宁心却不答,收了笑,看着杜琪说:“多谢你这么远赶过来,我的伤已经给大夫看过了,不急在这一时,你要不先沐浴了再过来吧。”
“不用了,而且只怕王爷也不让。”杜琪说着就要跪下给凌浩行礼。
凌浩却挥挥手,说:“杜琪不必多礼,你还是先给宁心看手吧。”
杜琪本来就担心宁心,也不多说,点点头,净了手,走到床边看宁心的手腕。一看宁心的手腕肿的老高,便问:“姐姐是什么时候受得伤。”
“三天前。”
正在给宁心解夹板的杜琪听了,手上一顿,但马上就又接着把夹板解了下来。他看看宁心说:“姐姐,我得摸摸那骨头,可能有点疼,您先忍着点。”说完就在宁心手腕处轻轻的揉揉捏捏。
杜琪的手一摸上宁心的手腕,就让她疼得浑身一震,脸也跟着白了。凌浩看着心疼,走过去抱住宁心。杜琪收手时,宁心已经满脸都是冷汗了,凌浩也没方法,只能拿着帕子给她擦。这边杜琪看完了,却一句话不说地在屋里踱步。宁心和凌浩对望一眼,都察觉有些不对。宁心正要问时,刚好侍卫来报,谢简到了。
杜琪一看谢简进来,也愣了一下,说道:“这位先生怎么看起来有些面熟。”
“他是谢简,以前的墨雨阁大学士。你以前多在后宫走动,而谢大学士则是在前朝,所以大概不常见面,不过应该也是见过的。”凌浩答道。
“这就是了。”杜琪点点头。
宁心想了想,说:“杜琪,能不能请你给我大哥也看看。那天他为了护我,也受了三鞭。这几日又陪我在牢里,估计也没有好好医治过。”
杜琪一听,笑了,难得痛快的说:“那好,我这就给谢先生去看看,回来再给姐姐医手。”然后杜琪又转向凌浩说:“王爷也来看看吧,谢先生可是为了姐姐才受的伤。”说完又看了眼凌浩。
谢简本想拒绝,但还没开口就被杜琪硬拉着出了门。凌浩目光闪了闪,对宁心说:“我帮你去看看谢先生,一会就回来。”等宁心点了头,就也跟着离开了。
过了好一会,杜祺才一个人回了宁心的房间。

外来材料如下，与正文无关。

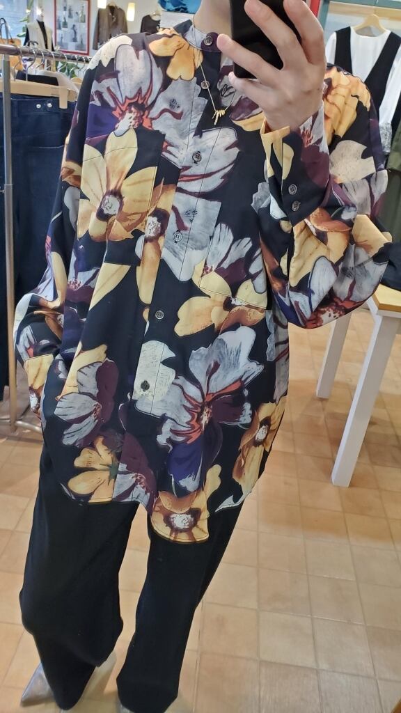 大胆でハイセンスなぼかしフラワープリント柄のシャツです。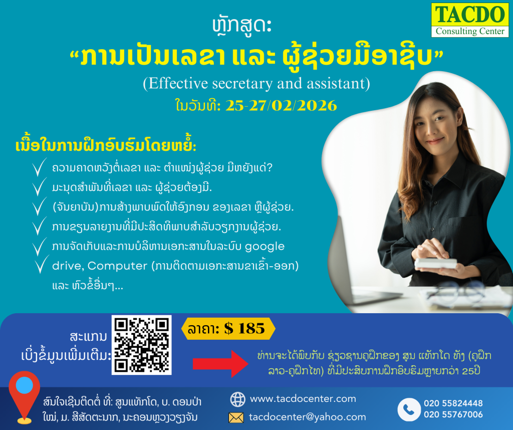 ຫລາຍຄົນເຄີຍເວົ້າວ່າຄວາມກ້າວໜ້າແລະຄວາມສຳເລັດຂອງໜ່ວຍງານ ສ່ວນໜື່ງຂື້ນ ຢູ່ກັບເລຂານຸການ, ນັ້ນໝາຍຄວາມ ວ່າວຽກເລຂາຫລືວຽກຜູ້ຊ່ວຍເປັນວຽກ ທີ່ສຳຄັນຕໍ່ໜ່ວຍ ງານຢ່າງໃຫ່ຍຫລວງ. ເລຂາຄືຜູ້ຊ່ວຍ ແບ່ງເບົາພາລະກິດຂອງຜູ້ບໍລິຫານ, ຊ່ວຍອຳນວຍຄວາມສະດວກ ແລະ ຊ່ວຍໃຫ້ວຽກສຳເລັດລຸລ່ວງເປັນໄດ້ດີ ແລະ ວ່ອງໄວກວ່າເກົ່າ.ແນ່ນອນເລຂາທີ່ດີກໍ່ປຽບສະເໝືອນເປັນມືຂວາຂອງຜູ້ບໍລິຫານກໍ່ວ່າໄດ້.ແຕ່ການເປັນເລຂາທີ່ດີນັ້ນຕ້ອງອາໃສການຮຽນຮູ້,ການພັດທະນາຄວາມຮູ້ຄວາມສາມາດໃຫ້ເປັນບຸກຄົນທີ່ມີຄຸນນະພາບສະລັບຜູ້ບໍລິຫານ.ທາງສູນເຝິກອົບຮົມແທັກໂດຈື່ງໄດ້ຈັດຫລັກສູດເຝິກອົບຮົມນີ້ຂື້ນມາ,ເນື່ອງຈາກວ່າພວກເຮົາເຫັນຄວາມສຳຄັນແລະຄວາມຈຳເປັນຂອງວຽກເລຂາ. ພວກເຮົາຕັ້ງໃຈຢາກໃຫ້ເລຂາໃນປະເທດສປປລາວເຮົາເປັນເລຂາມືອາຊີບແລະເປັນຄົນທີ່ເຈົ້ານາຍໝັ້ນໃຈ ແລະ ຕ້ອງການສະເໝີ. ແນ່ນອນເລຂາຫລືຜູ້ຊ່ວຍເປັນບຸກຄົນທີ່ມີຄວາມສຳຄັນຕໍ່ທຸກອົງການແຕ່ເລຂາທີ່ມີຄວາມ ສາມາດເທົ່ານັ້ນຈື່ງຈະເຮັດໃຫ້ວຽກປະສົບຄວາມສຳເລັດ ແລະ ກ້າວສູ່ຄວາມເປັນເລຂາມືອາຊີບໄດ້ຢ່າງແທ້ຈີງ.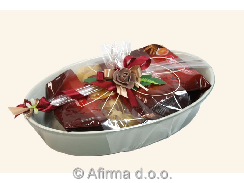 Ovalni keramični pekač 37x24 cm s testeninami v darilnem pakiranju.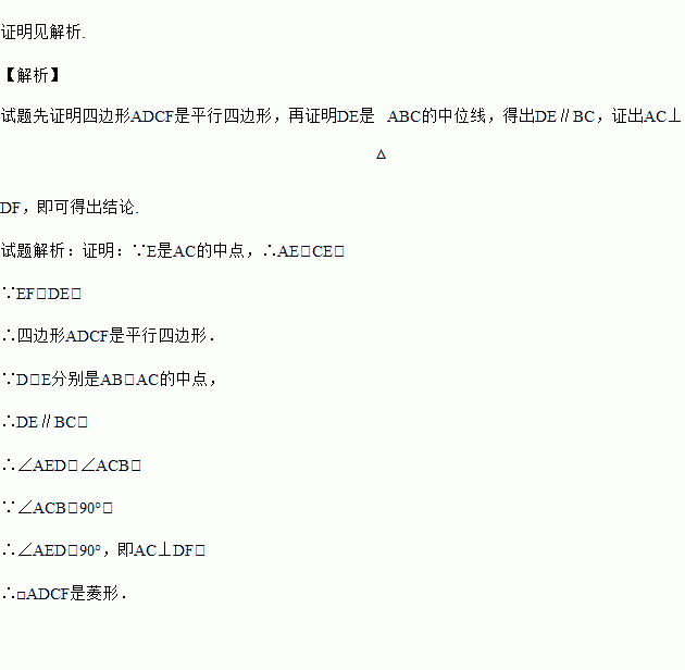 如图,在Rt△ABC中,∠ACB=90°,D、E分别是AB、AC的中点,连接DE并延长至点F,使EF=DE,连接AF,DC.求证:四边形ADCF是菱形.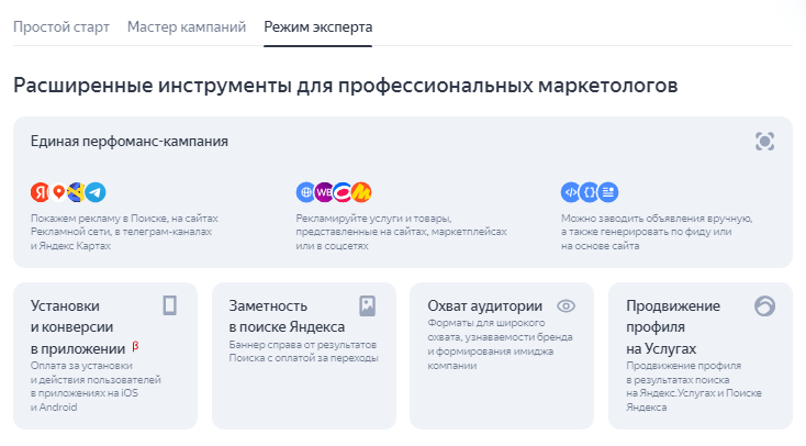 Важно помнить: каждый инструмент в Директе решает свою задачу и делает это по-своему. Это касается как традиционного Поиска и РСЯ, так и кампаний на маркетплейсах, телеграм-каналах или гео-сервисах.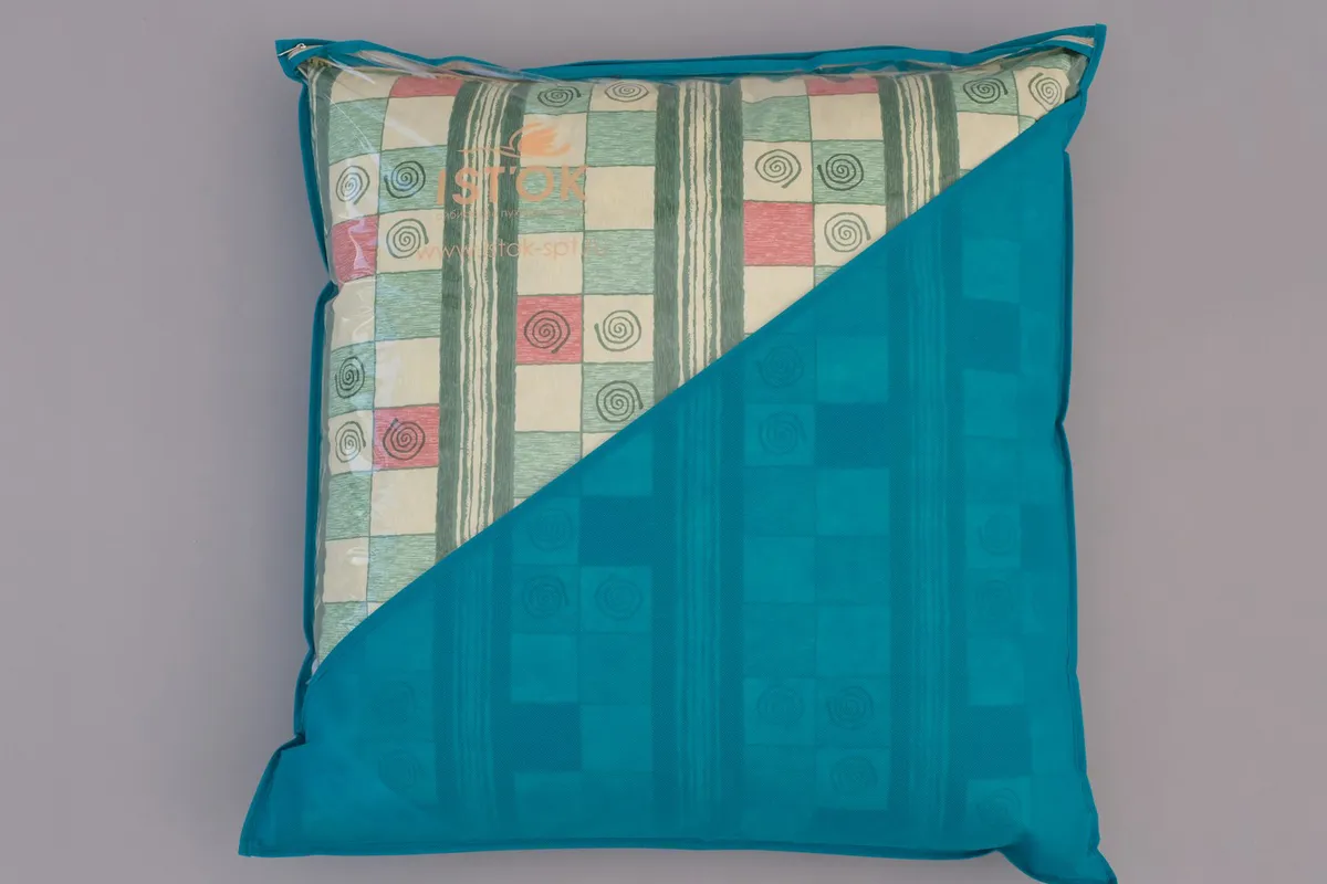 Чехол выполнен из прочного инлета из 100% хлопка с лёгким «хрустящим» эффектом, который приятно шуршит и надёжно удерживает наполнитель внутри. В качестве наполнителя используется тщательно очищенный и переработанный на современном оборудовании микс пуха и пера, обеспечивающий оптимальное сочетание мягкости и упругой поддержки.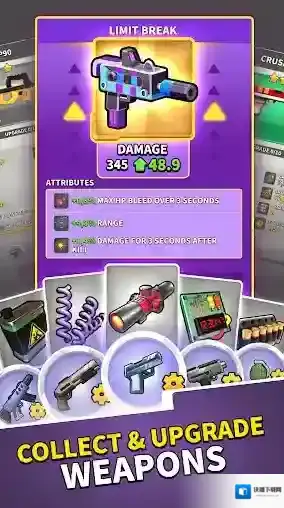 1、通过闯关我们还会获得宝箱奖励,开启宝箱就能获得随机的武器和材料,让你可以解锁升级更多武器,提高火力。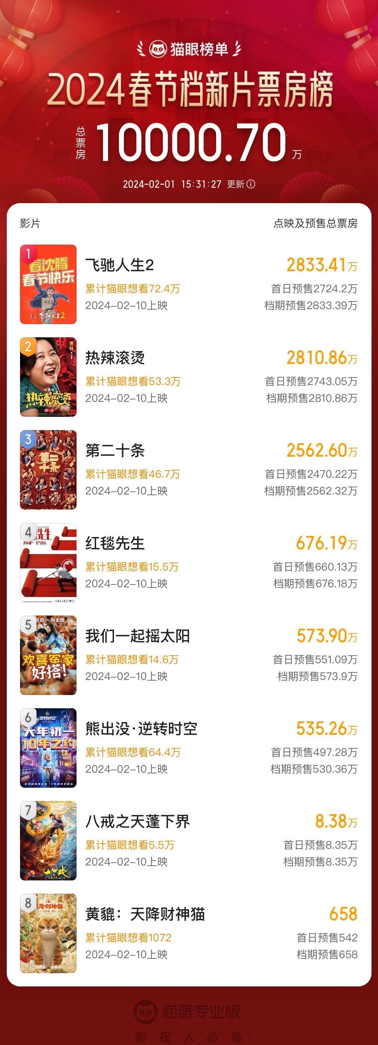 1905电影网讯据猫眼专业版数据,截至2024年2月1日15时31分,2024年春节档新片预售总票房突破1亿元!也是近三年(2022年以来)春节档新片预售票房破亿速度最快的一年。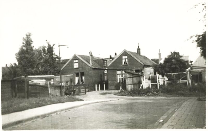 Foto gemaakt vanaf de Klaas Kanstraat bij het Verzetsplantsoen, gezien richting het oostzuidoosten. De twee huisjes centraal in de foto stonden aan het verdwenen Boomgaardspad en droegen nrs. 27-29 en 23-25 (r), beide waren in 1896 gebouwd. De foto werd tegen het einde van de jaren ’50 van de 20e eeuw gemaakt, kort hierna werd de Klaas Kanstraat doorgetrokken en verbonden met de Tuiniersstraat, de huisjes die in het tracé van de weg stonden zijn toen gesloopt. Het linker huisje met nr. 27-29 verdween eind van de jaren ’60 door sloop.
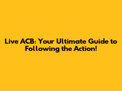 Live ACB: Your Ultimate Guide To Following The Action!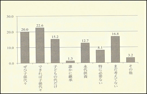 伝統的な家制度が希薄になったとはいえあまり意識は変わっていませんね。また子供の代だけ承継できればという答えも 15%ありました。そこにはお墓の意味と先祖の考え方も反映されています。現代では子孫代々といっても、その範囲は自分が知っている祖父母と孫くらいまでの血縁でしょうか。「先祖観」は大きく変化しています。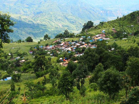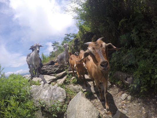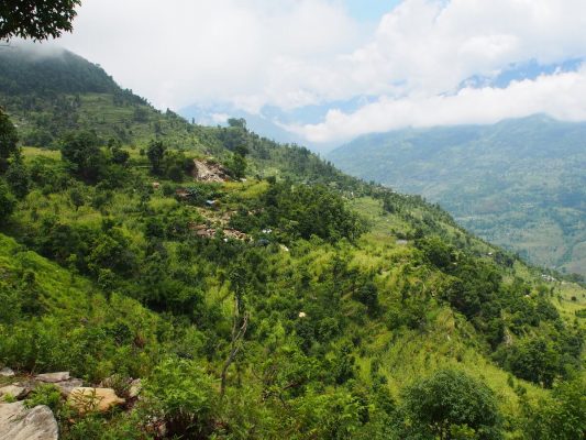 Die nächsten Tage vebrachten wir mit Steine tragen und wir machten auch eine kleine Wanderung in der näheren Umgebung des Dorfes wo wir die Möglichkeit hatten die Herstellung von Buttermilch auf einer Alm zu beobachten. Der Rückmarsch führte uns auf einen dichtbewachsenen Dschungel -Trek zu einem kleinen Plateau mit tollem Blick auf den Ganesh.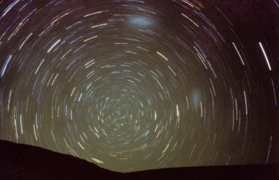 Southern pole with Magellanic Clouds. Bolivia 1994 35 mm 1:2.8. Ca. 40 minutes exposure on Fujichrome 1600 |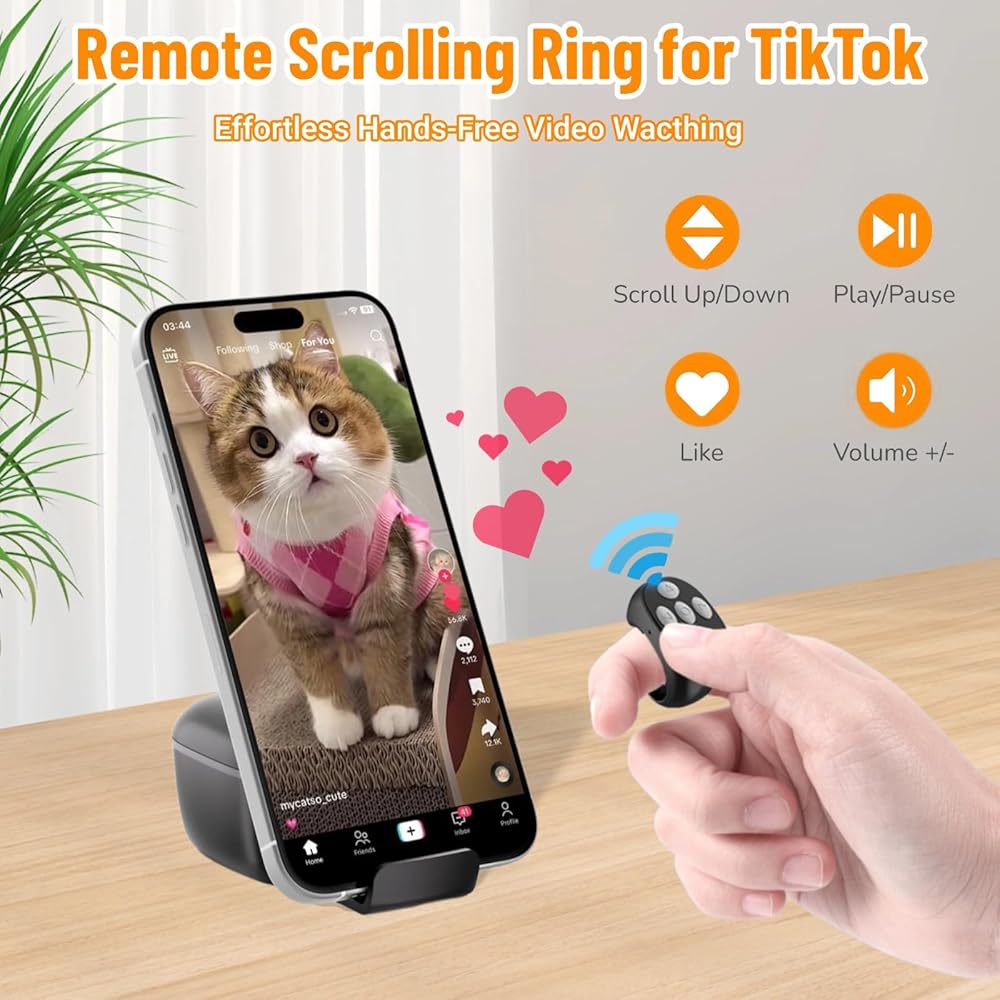 【Wireless Remote Control for Tik Tok】This remote page turner can help you realize all operations including scrolling up/down, swiping right/left, pause/start, volume + -, all free from touchscreen limitations, greatly improving tik tok viewing freedom and offering an intuitive experience. You can adjust your watching gesture easily withou worrying sore hands or neck pain.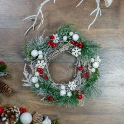 Northlight Frosted Pine Winter Foliage, Berries And Stars Mini Christmas Wreath, 10-Inch, Unlit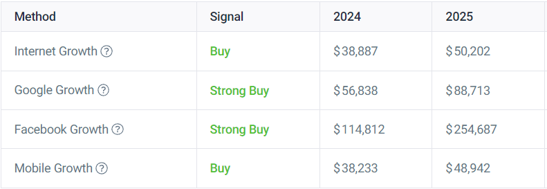 К концу 2025 года, согласно вышеприведённой логике, основная криптовалюта может достичь средней цены в $ 110 636 (+256%). Вероятная цена при повторении тренда интернет-компаний – $50202, если речь идёт о мобильных технологиях – $ 48 942. Следование тренду Google придаст биткоину цену в $ 88 713. При повторении тренда Facebook актив, по оценкам алгоритма, достигнет отметки в $ 254 687.
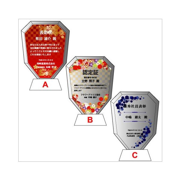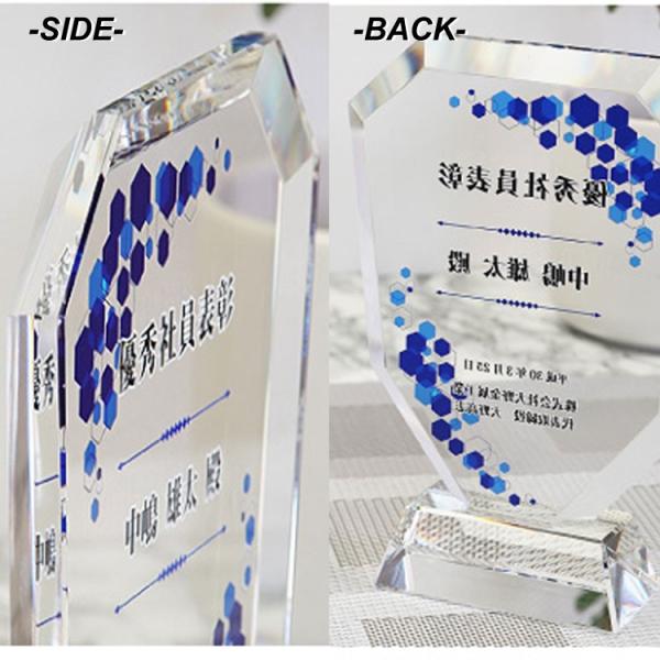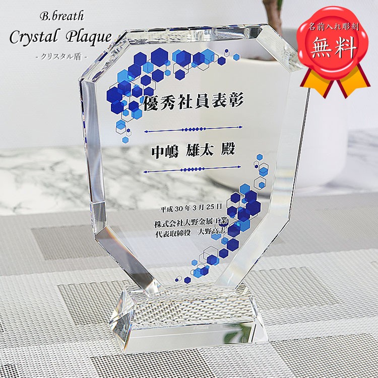 優勝・優秀賞・敢闘賞などのオーナメント。オリジナル名入れUVフルカラープリント加工で、各種記念を華やかにするクリスタル記念楯(盾)です。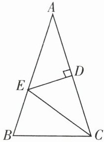 13. 如图,在$\triangle ABC$中,$AB= AC$,$\angle A= 36^\circ$,AC 的垂直平分线交 AB 于点 E,D 为垂足,连结 EC,求$\angle ECB$的度数。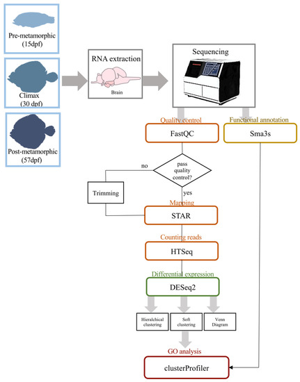 - Zoologie, R.C.; De Mazurais, D.; Darias, M.; Cahu, C.L. Transcriptomics for understanding marine fish larval development. Can. J. Zool. 2011, 89, 599–611. [Google Scholar]

宁心觉得有些奇怪,问道:“我大哥伤得很重吗?怎么你们会去了那么久?他们两个在哪?”
杜祺看着宁心露出招牌笑脸,说:“姐姐不用担心,谢先生那些鞭伤虽然不轻,但没有伤及筋骨,我已经给他重新涂过伤药,不出几日就该痊愈了。现在该轮到姐姐了。因我治伤时,不喜欢别人在旁边看着,就让他们等在屋外了,一会等我给姐姐治了之后,自会请他们进来。”
宁心抬起红肿的右腕看了看,不解地问:“不是已经接好了吗?为什么还要再治。”
杜祺伸手握住宁心的手腕,笑容依旧。“姐姐,这小地方的医生看得到底不够仔细,我会给姐姐用些散淤的药,再重新包扎了。这样过几天,姐姐的手就不会肿得这么厉害了。”
宁心当然希望手上的肿能早些消去,也就不再多问。杜祺却不急着给她上药,而是握着她的手东拉西扯,一会儿问她怎么出的京,一会儿又问怎么留在了这小镇。宁心也不好催他,只好一一回答他的问题。过了一会儿杜祺忽然又问宁心:“姐姐,当年杜祺离京时,曾告诉过姐姐,若出了京,可以到医馆找杜祺。姐姐怎么不去?要不然,也不至于被人伤成这样。”
宁心想了想答道:“我是不敢去找你的,我可不想你被我给连累了。”说完就把当时皇上召她进宫的事给杜祺讲了。
杜祺听罢,闪亮的一笑,开心地说:“原来姐姐对杜祺竟这般好。”说完,杜祺低下头,在宁心脸颊上轻轻落下了一个吻。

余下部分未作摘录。